- Your task -
Every line from the one with "2学期最後の音楽朝会は、1・" up to and including the one with "Автоматический выключатель серии" is to be output exactly as it appears below; pictures are not.

- Records for processing -
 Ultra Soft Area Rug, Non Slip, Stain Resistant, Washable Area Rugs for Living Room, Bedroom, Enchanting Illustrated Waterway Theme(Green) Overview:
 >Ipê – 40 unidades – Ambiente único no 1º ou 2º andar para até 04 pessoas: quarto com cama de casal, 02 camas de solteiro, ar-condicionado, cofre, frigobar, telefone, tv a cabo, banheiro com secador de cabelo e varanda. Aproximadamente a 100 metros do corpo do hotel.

--

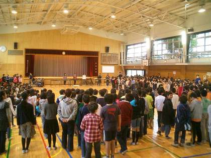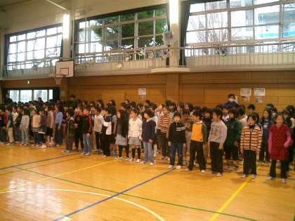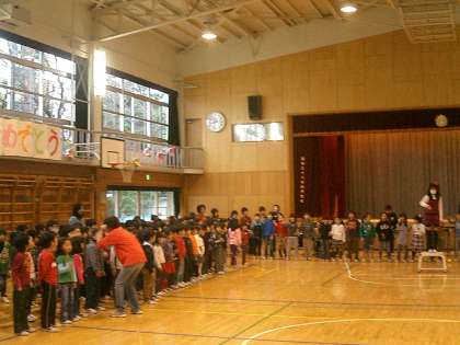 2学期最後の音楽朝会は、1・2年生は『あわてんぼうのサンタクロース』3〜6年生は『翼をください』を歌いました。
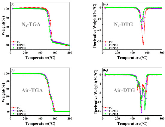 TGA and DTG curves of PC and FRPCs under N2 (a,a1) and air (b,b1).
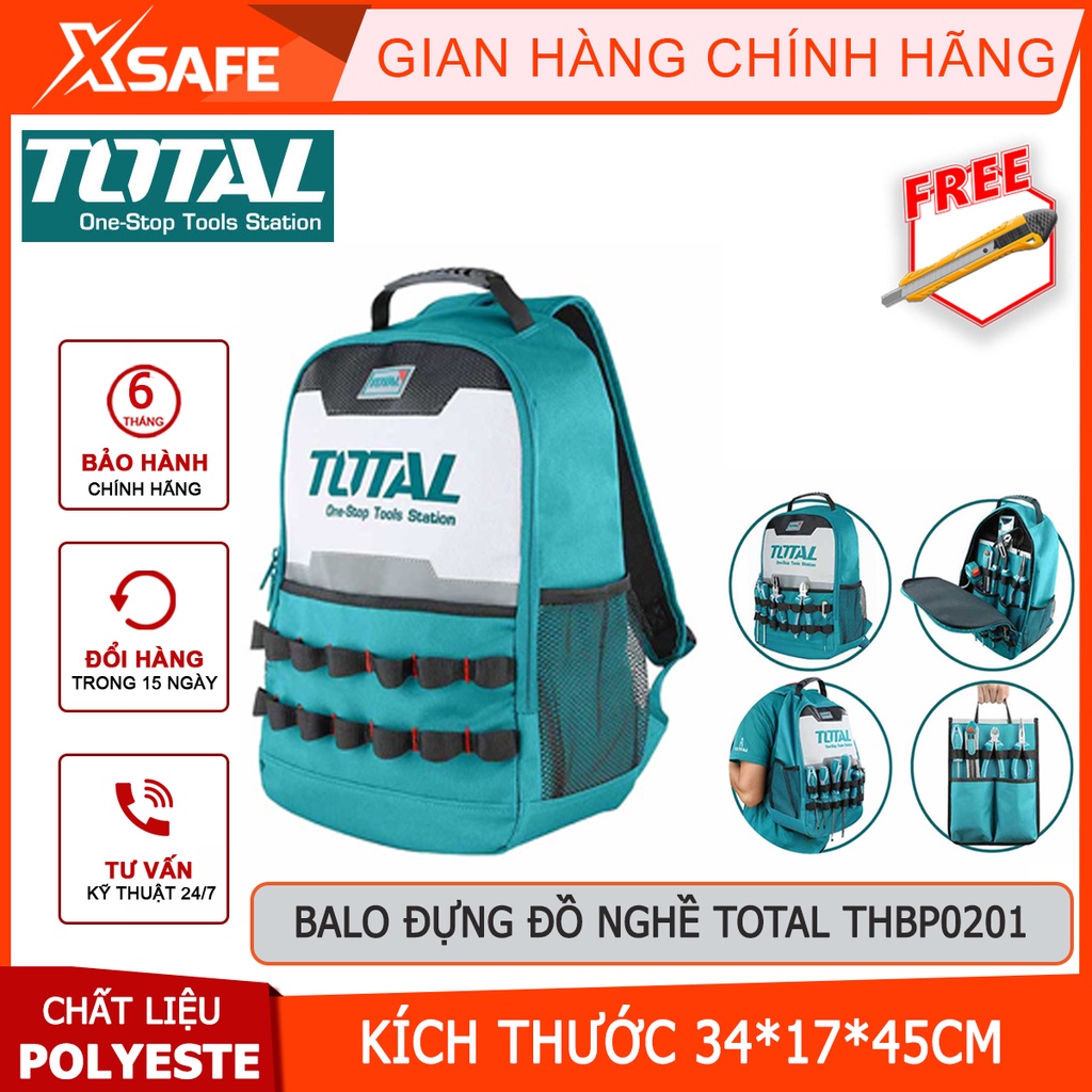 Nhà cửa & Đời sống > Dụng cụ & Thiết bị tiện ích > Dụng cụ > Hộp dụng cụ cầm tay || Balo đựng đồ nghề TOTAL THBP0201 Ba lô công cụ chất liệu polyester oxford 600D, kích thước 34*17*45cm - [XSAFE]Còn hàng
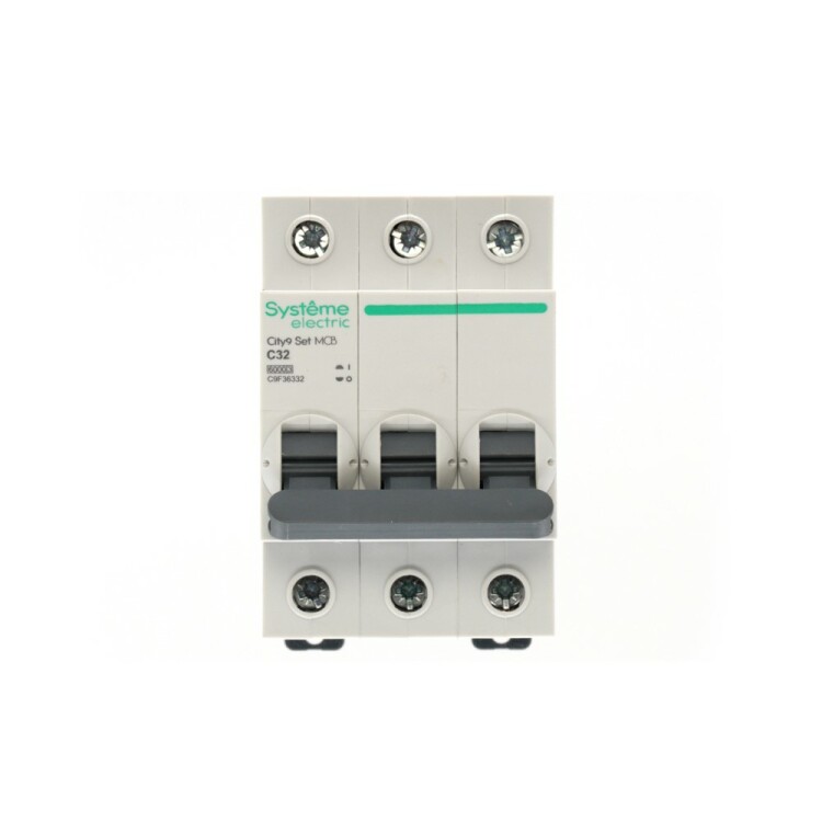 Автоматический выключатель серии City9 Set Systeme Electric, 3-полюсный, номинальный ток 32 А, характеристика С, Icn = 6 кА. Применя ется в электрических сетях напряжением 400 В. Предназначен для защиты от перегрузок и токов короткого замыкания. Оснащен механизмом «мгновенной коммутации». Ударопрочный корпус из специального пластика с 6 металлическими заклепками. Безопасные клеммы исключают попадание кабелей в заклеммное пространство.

- Finished task -
 2学期最後の音楽朝会は、1・2年生は『あわてんぼうのサンタクロース』3〜6年生は『翼をください』を歌いました。
 TGA and DTG curves of PC and FRPCs under N2 (a,a1) and air (b,b1).
 Nhà cửa & Đời sống > Dụng cụ & Thiết bị tiện ích > Dụng cụ > Hộp dụng cụ cầm tay || Balo đựng đồ nghề TOTAL THBP0201 Ba lô công cụ chất liệu polyester oxford 600D, kích thước 34*17*45cm - [XSAFE]Còn hàng
 Автоматический выключатель серии City9 Set Systeme Electric, 3-полюсный, номинальный ток 32 А, характеристика С, Icn = 6 кА. Применя ется в электрических сетях напряжением 400 В. Предназначен для защиты от перегрузок и токов короткого замыкания. Оснащен механизмом «мгновенной коммутации». Ударопрочный корпус из специального пластика с 6 металлическими заклепками. Безопасные клеммы исключают попадание кабелей в заклеммное пространство.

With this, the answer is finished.